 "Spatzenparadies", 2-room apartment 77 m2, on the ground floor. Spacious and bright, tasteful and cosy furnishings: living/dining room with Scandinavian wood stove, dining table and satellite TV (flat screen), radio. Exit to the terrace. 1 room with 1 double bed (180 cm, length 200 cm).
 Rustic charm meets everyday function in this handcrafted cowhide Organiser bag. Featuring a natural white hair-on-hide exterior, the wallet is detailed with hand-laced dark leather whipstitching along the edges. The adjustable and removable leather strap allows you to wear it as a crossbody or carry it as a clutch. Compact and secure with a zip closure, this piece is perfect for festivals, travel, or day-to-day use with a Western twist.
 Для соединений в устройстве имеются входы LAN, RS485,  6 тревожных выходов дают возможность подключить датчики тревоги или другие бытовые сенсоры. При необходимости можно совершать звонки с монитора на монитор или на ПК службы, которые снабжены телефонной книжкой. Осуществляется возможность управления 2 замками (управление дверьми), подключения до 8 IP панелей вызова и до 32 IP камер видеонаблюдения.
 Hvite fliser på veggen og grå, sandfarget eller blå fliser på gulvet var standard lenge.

* * *

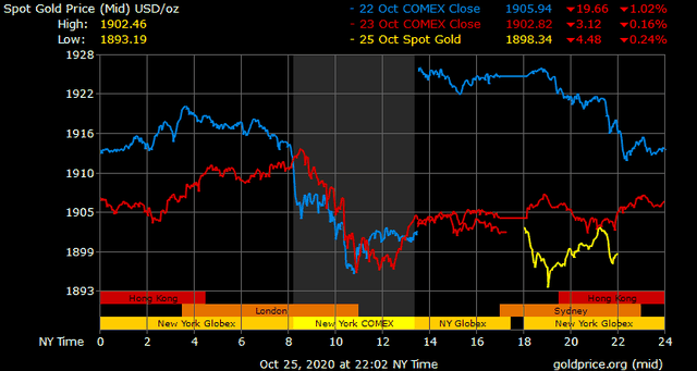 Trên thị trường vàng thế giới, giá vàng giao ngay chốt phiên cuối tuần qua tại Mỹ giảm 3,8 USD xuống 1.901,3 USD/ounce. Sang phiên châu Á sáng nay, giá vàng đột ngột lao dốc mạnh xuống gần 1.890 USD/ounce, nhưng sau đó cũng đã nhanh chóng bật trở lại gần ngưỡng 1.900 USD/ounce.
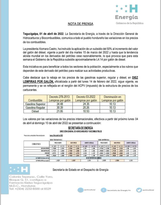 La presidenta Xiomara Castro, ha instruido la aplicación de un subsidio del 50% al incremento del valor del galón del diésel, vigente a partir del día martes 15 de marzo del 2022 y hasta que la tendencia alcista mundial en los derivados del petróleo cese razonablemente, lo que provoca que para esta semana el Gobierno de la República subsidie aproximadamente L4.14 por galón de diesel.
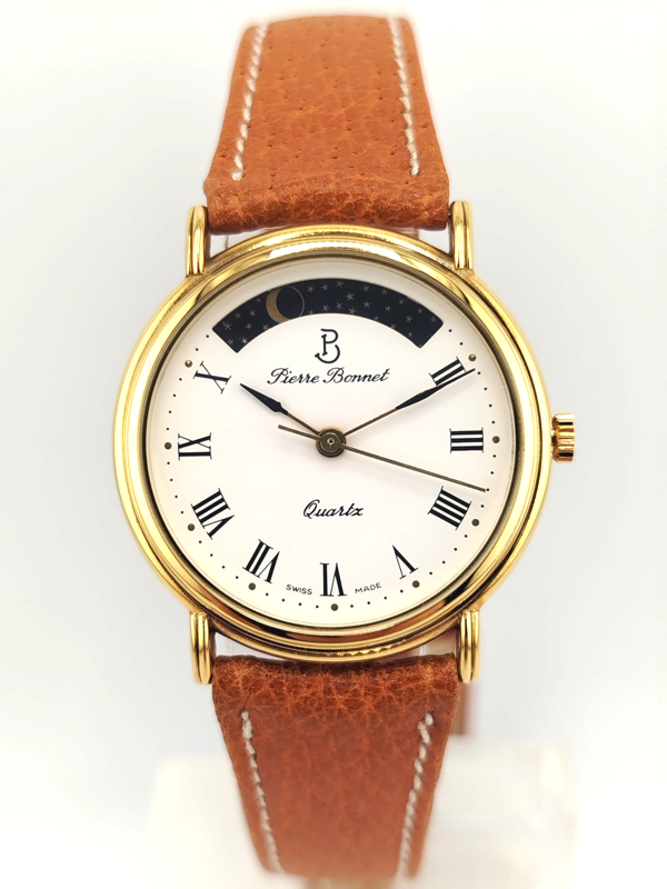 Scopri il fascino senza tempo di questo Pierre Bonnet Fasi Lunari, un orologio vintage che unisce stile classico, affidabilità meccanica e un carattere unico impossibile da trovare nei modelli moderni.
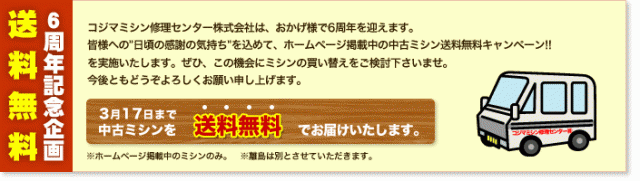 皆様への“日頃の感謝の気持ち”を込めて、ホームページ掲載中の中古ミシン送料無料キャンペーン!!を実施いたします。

--

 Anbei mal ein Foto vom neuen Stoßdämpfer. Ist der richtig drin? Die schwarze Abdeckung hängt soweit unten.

• PROMPT
Nothing but the lines above from the one containing "length 200 cm)." through the one containing "Hvite fliser på" should appear in the answer, each repeated exactly.

• RESPONSE AREA
 "Spatzenparadies", 2-room apartment 77 m2, on the ground floor. Spacious and bright, tasteful and cosy furnishings: living/dining room with Scandinavian wood stove, dining table and satellite TV (flat screen), radio. Exit to the terrace. 1 room with 1 double bed (180 cm, length 200 cm).
 Rustic charm meets everyday function in this handcrafted cowhide Organiser bag. Featuring a natural white hair-on-hide exterior, the wallet is detailed with hand-laced dark leather whipstitching along the edges. The adjustable and removable leather strap allows you to wear it as a crossbody or carry it as a clutch. Compact and secure with a zip closure, this piece is perfect for festivals, travel, or day-to-day use with a Western twist.
 Для соединений в устройстве имеются входы LAN, RS485,  6 тревожных выходов дают возможность подключить датчики тревоги или другие бытовые сенсоры. При необходимости можно совершать звонки с монитора на монитор или на ПК службы, которые снабжены телефонной книжкой. Осуществляется возможность управления 2 замками (управление дверьми), подключения до 8 IP панелей вызова и до 32 IP камер видеонаблюдения.
 Hvite fliser på veggen og grå, sandfarget eller blå fliser på gulvet var standard lenge.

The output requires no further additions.